(Exercise)
Write out the listing verbatim. No pictures belong in it.

(Dataset extract)
#####
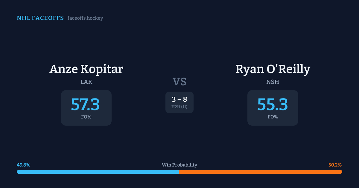 Anze Kopitar vs Ryan O'Reilly — Faceoff Head-to-Head
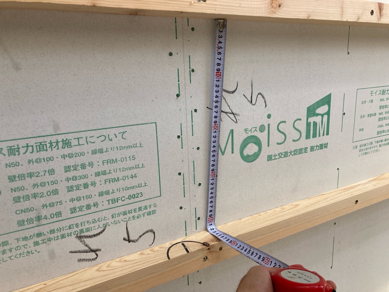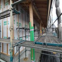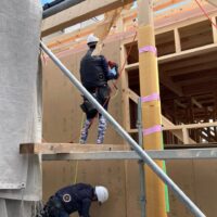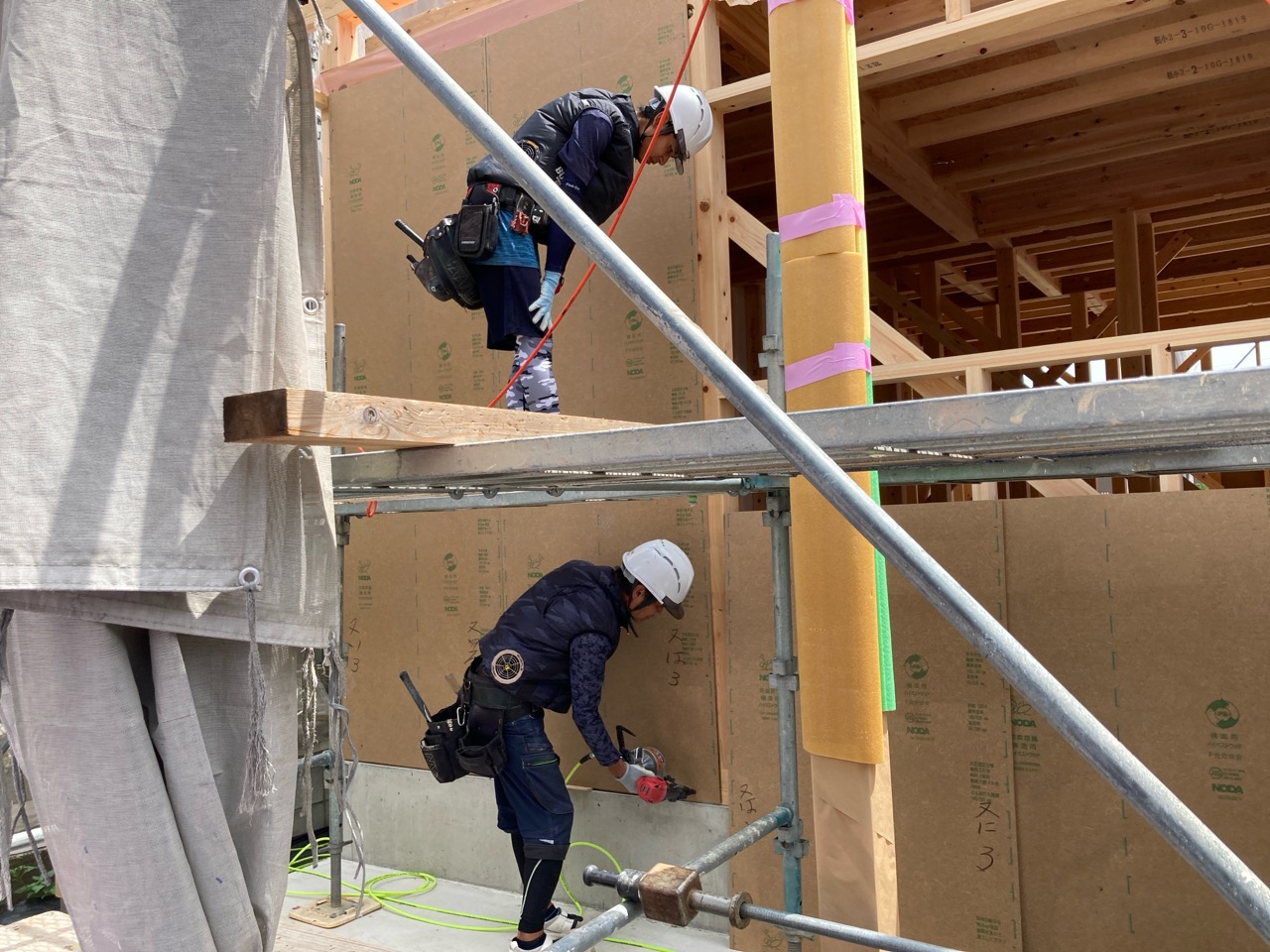 外周部の耐力面材張り作業も、高さ3mある面材を足場の上下段に分かれて効率よく留付をしていきます。今回は建物の南北面と東西面で外壁仕上材が異なるため、建築基準法の外壁防火構造の仕様上、下地材とみなされる面材の種類を変えています。茶色く映っている物が、木質系面材『ハイベストウッド』。白い方が不燃材料である『モイス』です。外壁仕上材単体で不燃が取れる面はハイベストウッドを使い、取れない面は下地に『モイス』を使用します。
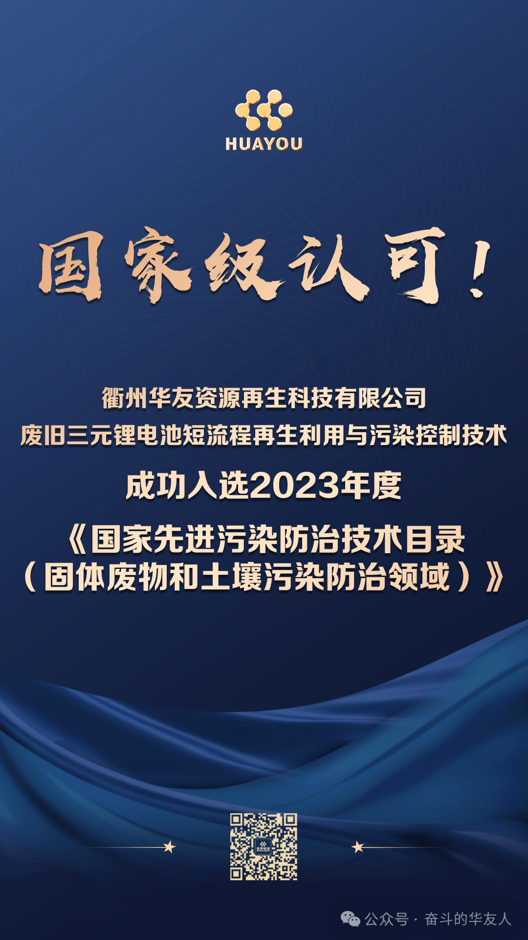 Recently, the technology independently developed by Quzhou Huayou Resource Recycling Technology Co., Ltd. — the short process for recycling and pollution control of waste ternary lithium batteries — was successfully selected for the "once every three years" 2023 National Catalogue of Advanced Pollution Control Technologies (for Solid Waste and Soil Pollution Control) (hereafter referred to as the "Catalogue"). In the field of ternary lithium battery recycling, only two companies nationwide were selected for this national-level demonstration technology in the solid waste pollution control domain.
#####
(Response)
 Anze Kopitar vs Ryan O'Reilly — Faceoff Head-to-Head
 外周部の耐力面材張り作業も、高さ3mある面材を足場の上下段に分かれて効率よく留付をしていきます。今回は建物の南北面と東西面で外壁仕上材が異なるため、建築基準法の外壁防火構造の仕様上、下地材とみなされる面材の種類を変えています。茶色く映っている物が、木質系面材『ハイベストウッド』。白い方が不燃材料である『モイス』です。外壁仕上材単体で不燃が取れる面はハイベストウッドを使い、取れない面は下地に『モイス』を使用します。
 Recently, the technology independently developed by Quzhou Huayou Resource Recycling Technology Co., Ltd. — the short process for recycling and pollution control of waste ternary lithium batteries — was successfully selected for the "once every three years" 2023 National Catalogue of Advanced Pollution Control Technologies (for Solid Waste and Soil Pollution Control) (hereafter referred to as the "Catalogue"). In the field of ternary lithium battery recycling, only two companies nationwide were selected for this national-level demonstration technology in the solid waste pollution control domain.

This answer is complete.